Entries taken from a collection:
----
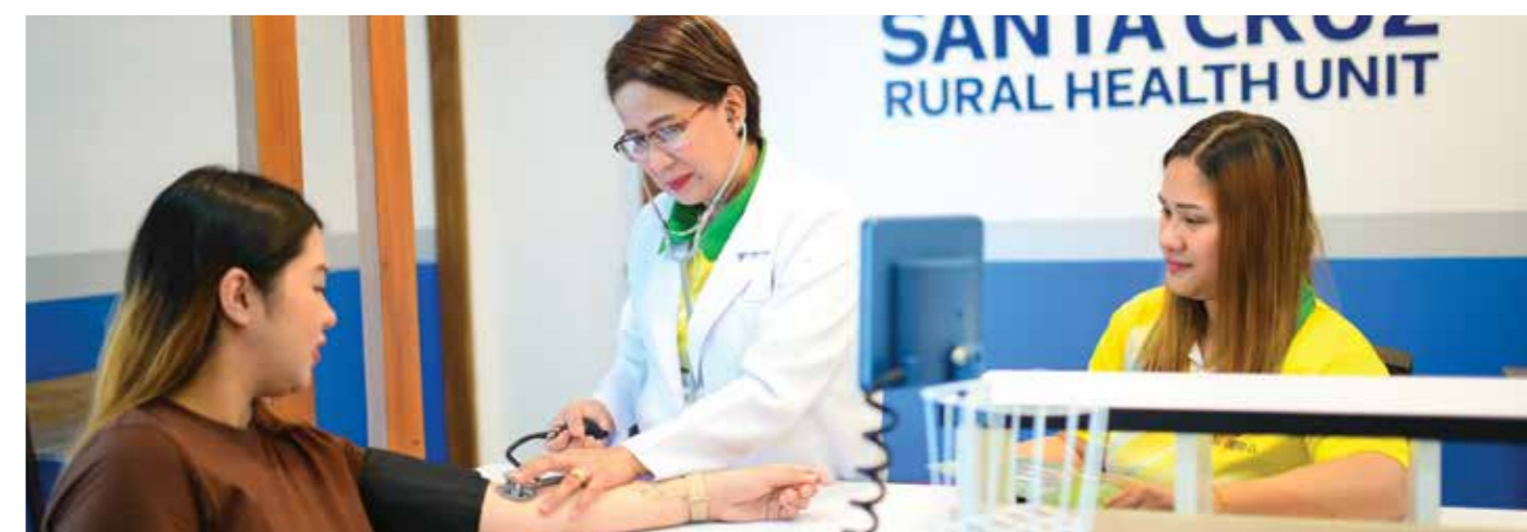
Following the rehabilitation, SCRHU health workers are more eager to serve the community.

Uplifting community anchors Following Department of Health’s guidelines, SM Foundation elevated the SCRHU. The center now boasts clearly defined areas for different programs, improved layout for accessibility, and enhanced facilities for patient comfort. A rainwater catchment facility was introduced to contribute to water conservation.
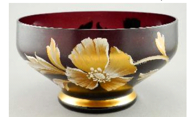
Lot # 445
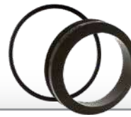
Seals & O-Rings
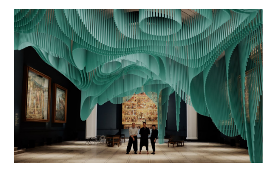
Figure 2. Medusa Project, V&A Museum. 2021.
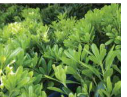
PITTOSPORUM 'MISS MUFFET'
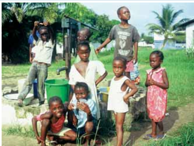
No money, no water. Children can no longer access clean water because the price is too high.

"[Water is] one of the world's great business opportunities. It promises to be to the 21st century what oil was to the 20th." - Fortune Magazine
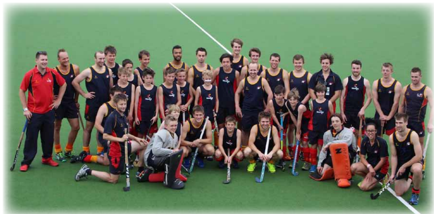
Southern Hotshots and Under 13 SA Boys combined training session

The pairing of the AHL and the U13 National Championships offers a unique chance for young state players to get up close with the state's top senior athletes and show that with hard work and following player pathways, they are only a few short years away from achieving great things on the same team.
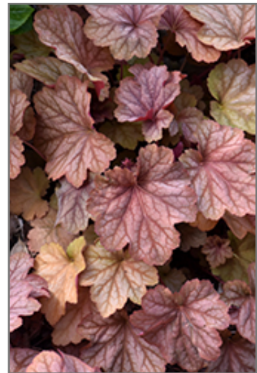
Carnival Watermelon Coral Bells foliage
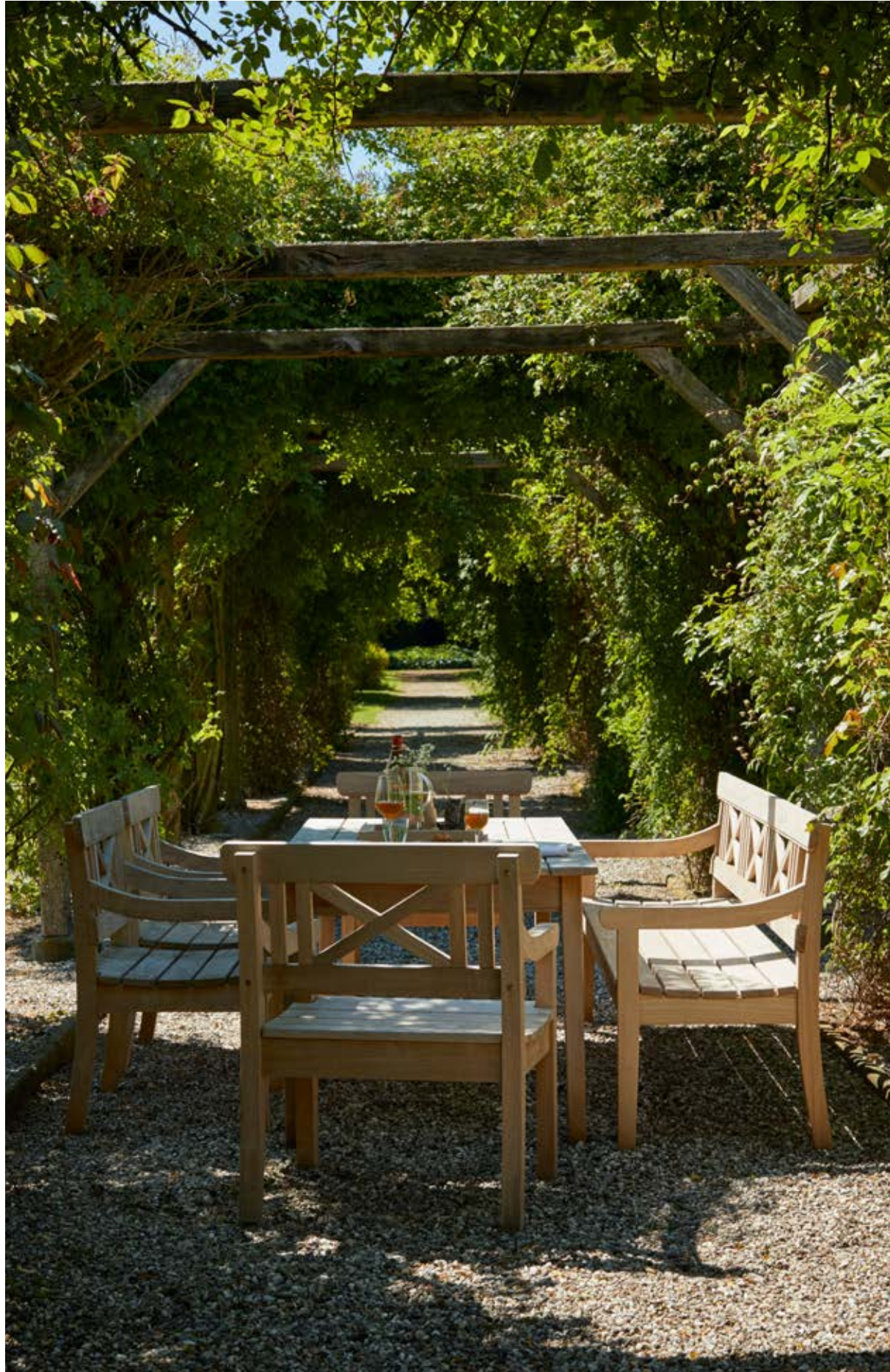
Drachmann Chair, Bench and Table in teak
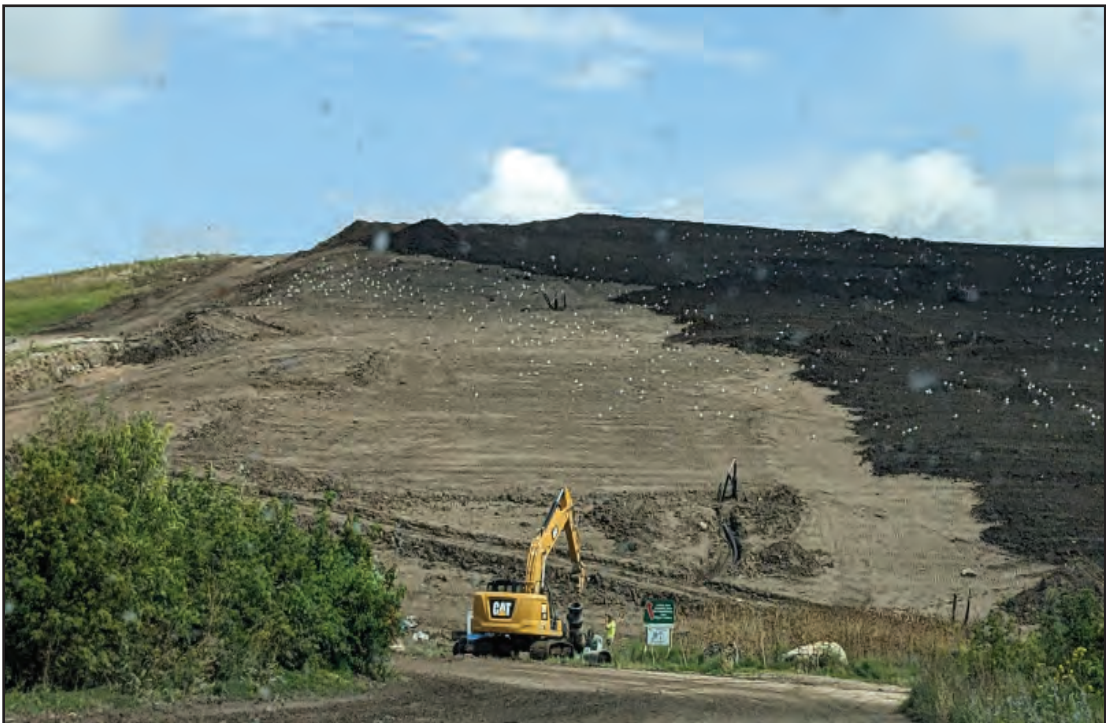
Top soil beimg spread over capping project
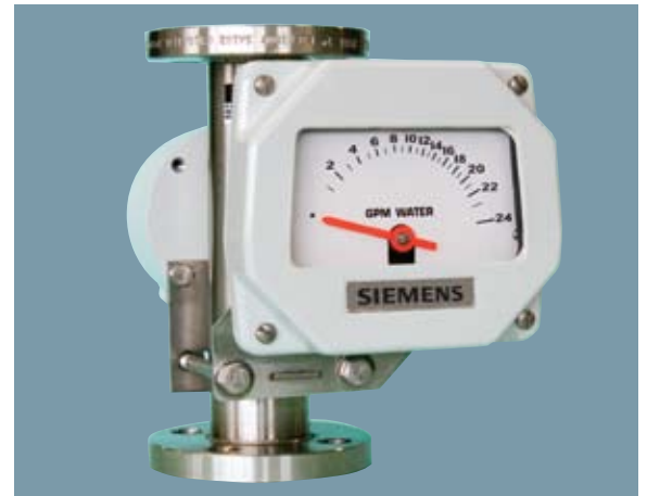
Armored Flowmeter with 150 lb. RF flanged connections

The standard readout is in a magnetically coupled indicator unit. Optional 4-20 mA transmitter and alarm switches are also available.
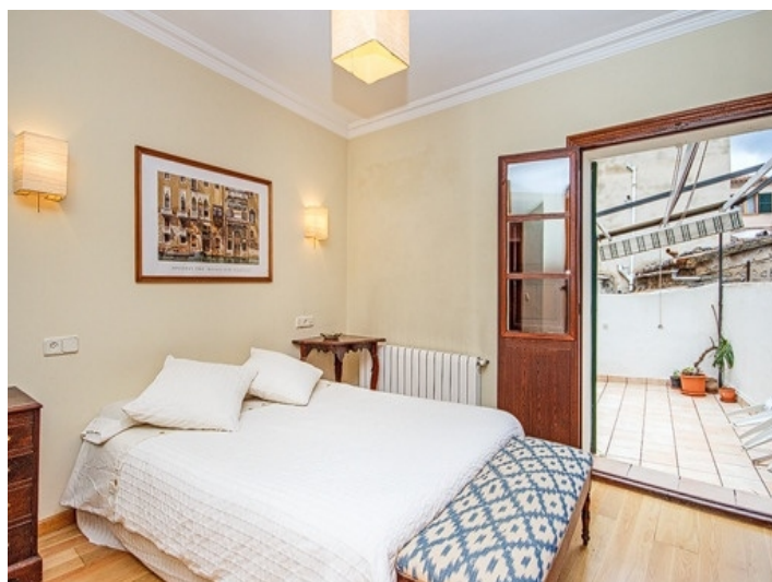
Bedroom with access to terrace
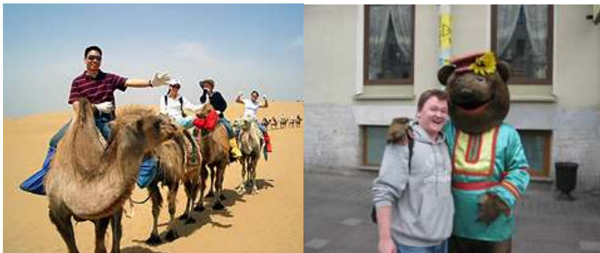
Interesting photos with a local flare.
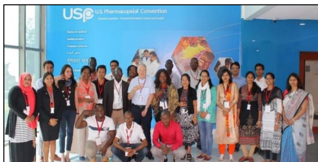
Trainees at United States Pharmacopeia Facility, India
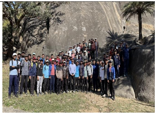
Basic Rock Climbing camp at Mt. Abu for Girls Students
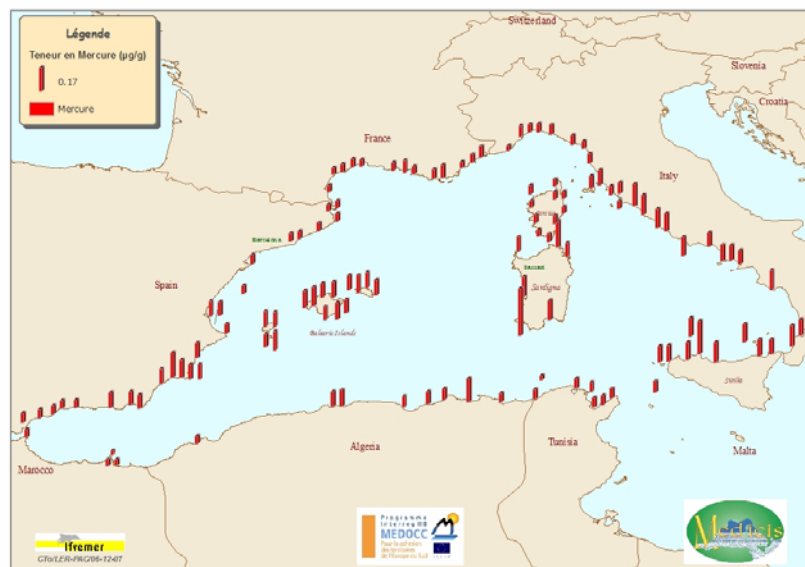
Figure 1. Mercury in mussels ( \sum PCBi \text{ ng.g}^{-1} dry weight)

Several sites were found to be impacted by mercury (Fig. 1): first and foremost the Portoscuso site in Sardinia (South Western sub-basin), with a maximum level of 0.31 mg/kg, witnessing significant contamination generated by a large industrial complex. To a slightly lesser degree, high levels are recorded in the South Western sub-basin in Skida (0.19 mg /kg), in the Tyrrhenian sub-basin especially in Palermo (0.22 mg /kg) and in the Ionian sub-basin in Augusta (0.20 mg/kg). For this metal we cannot observe differences between the Eastern basin and the Western basin for background levels.
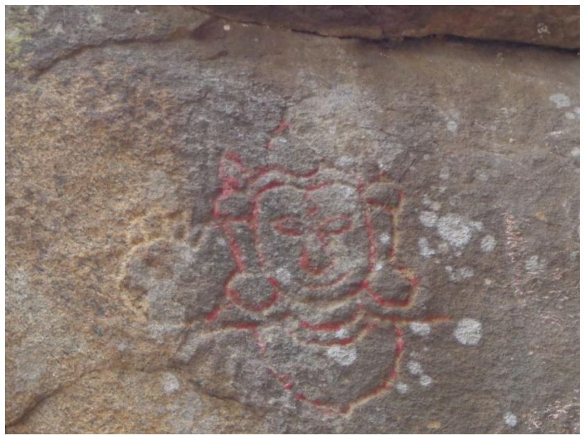
Fig: 7 – Shiva image.

Presently the temple is a recognized site by Archaeological Survey of India (ASI) as an historically important site and its structure and complex is preserved by it. Many ancient images made on rock existed along with the temple, numbers of rock art Ganesh images and Shiva linga were found in the temple site, an inscription is also found at the main gate of the temple which verifies its construction during the period of SwargadeoSivasingha. In addition to these number of petroglyphs are also found at the temple premise. Some of the images are as follows-
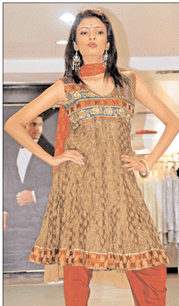
A model displaying some shawls
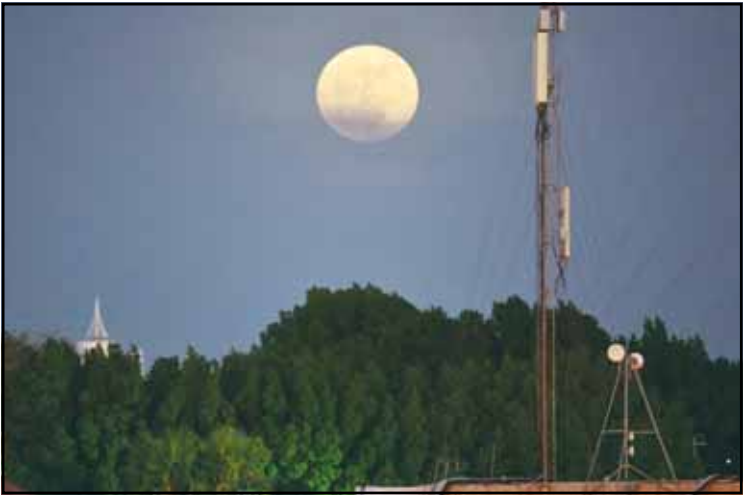
The Gazelle Moon – a rare phenomenon in the Gulf.

KUWAIT CITY, July 12, (KUNA): The skies of Kuwait showcased the extraordinary Gazelle Moon, a breathtaking celestial phenomenon eagerly anticipated by astronomy enthusiasts and observers around the world on Thursday. This enchanting event captured the attention and admiration of many, highlighting its significance in the realm of astronomical occurrences. The Al-Ajairy Scientific Center reported to the Kuwait News Agency (KUNA) that the Kuwaiti sky showcased the brilliance of the first full moon of the astronomical summer in the northern hemisphere, illuminating the night with a magical and distinctive color. The full moon in July is referred to as the “Gazelle Moon” due to its alignment with the season when new horns begin to develop on the heads of gazelles. This full moon is notable for being one of the lowest full moons of the
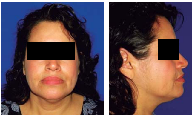
Figure 1. Initial facial photographs, frontal and profile views, where a depressed middle third may be observed as well as an increased lower third, brachifacial biotype and a concave profile: all characteristic of a skeletal class III.

After eight months of traction of the retained canines, it was determined by radiographic analysis
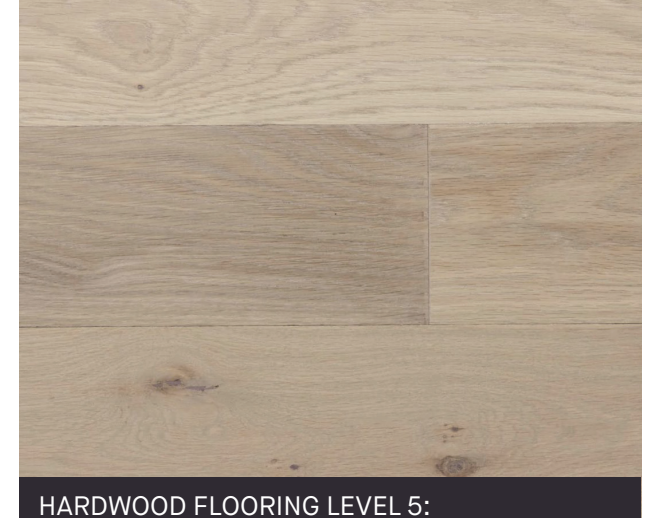
NAUTILUS WHITE OAK 5" UPGRADE PACKAGE

Please contact a Sales Representative to view all finishes.
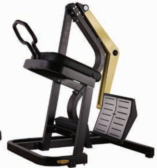
D940S Rear Kick

Tube Thickness: 3 mm Dimension: 129 x 126 x 148.5 cm Weight: 140 kg
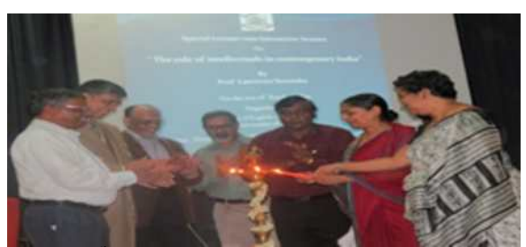
On 7<sup>th</sup> July, 2012: 390 graduates out of 725 were shortlisted for final round leading to placements

Online Campus Connect Profiling / Question Bank Browsing programmes for varied competences:
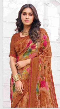
80808 (With stone work)
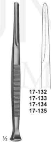
PARTSCH 17-132 - 135 Gouges 140 mm

17-127 3 mm 17-128 4 mm 17-129 5 mm 17-130 6 mm 17-131 7 mm
----
### [Your goal]
Leaving out each picture, repeat exactly the lines above from the one that contains "Basic Rock Climbing" through the one that contains "Fig: 7 – Shiva image.".

### [Result]
Basic Rock Climbing camp at Mt. Abu for Girls Students
Figure 1. Mercury in mussels ( \sum PCBi \text{ ng.g}^{-1} dry weight)

Several sites were found to be impacted by mercury (Fig. 1): first and foremost the Portoscuso site in Sardinia (South Western sub-basin), with a maximum level of 0.31 mg/kg, witnessing significant contamination generated by a large industrial complex. To a slightly lesser degree, high levels are recorded in the South Western sub-basin in Skida (0.19 mg /kg), in the Tyrrhenian sub-basin especially in Palermo (0.22 mg /kg) and in the Ionian sub-basin in Augusta (0.20 mg/kg). For this metal we cannot observe differences between the Eastern basin and the Western basin for background levels.
Fig: 7 – Shiva image.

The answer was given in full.